Przedpremierowy pokaz był naprawdę cudowny. Jeśli jesteśćie wielbicielami jazdy figurowej na łyżwach, albo kierujecie sie plakatem reklamowym filmu i uważacie że podsumowuje on dosłownie cały film, to odradzam tą pozycję.
Film jest naprawdę przepełniony wyśmienitym humorem sytuacyjnym i gagami bohaterów. Wydawało mi sie że nic nowego i ciekawego, a zarazem śmiesznego nie można już nakręcić, jednak myliłam się. Sam pomysł umieszczenia dwóch indywidualistów płci męskiej i zmuszenie ich do jazdy w parze wywołuje już dostateczne spazmy śmiechu.

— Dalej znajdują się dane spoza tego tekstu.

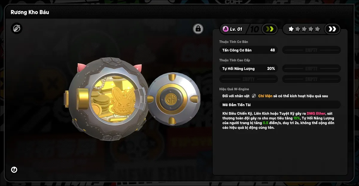 - W-Engine nâng lên mức tối đa có thể theo cấp nhân vật.

Film jawnie nabija się z jazdy figurowej i całej tej otoczki cudowności wobec niej. także pokazanie obsesyjności fanów tej dyscypliny było moim zdaniem bardzo trafne. Oczywiście jak na komedię przystało rozśmiesza, i to tak mocno , że bolał nas brzuch po wyjściu z sali kinowej. Nie jest to jednak pozycja filmowa bez przekazu. Jest to opowieść o tym, że należy realizować swoje marzenia bez względu na okoliczności i na to co inni będą o nas mówić. W końcu wszystkie filmy sprowadzają sie do tego , że główni bohaterowie chcą zrealizować swoje marzenia. te bardziej lub mniej wzniosłe, a my możemy mieć okazje oglądać to i wyśmienicie sie przy tym bawić. Dlatego uważam, że warto pójść na ten film. Sama może wybiorę się kolejny raz. Poza tym jest to obowiązkowa pozycja jaką mam zamiar dodać do swojej kolekcji DVD. Kiedy w ogóle wypuszczą DVD w w sierpniu?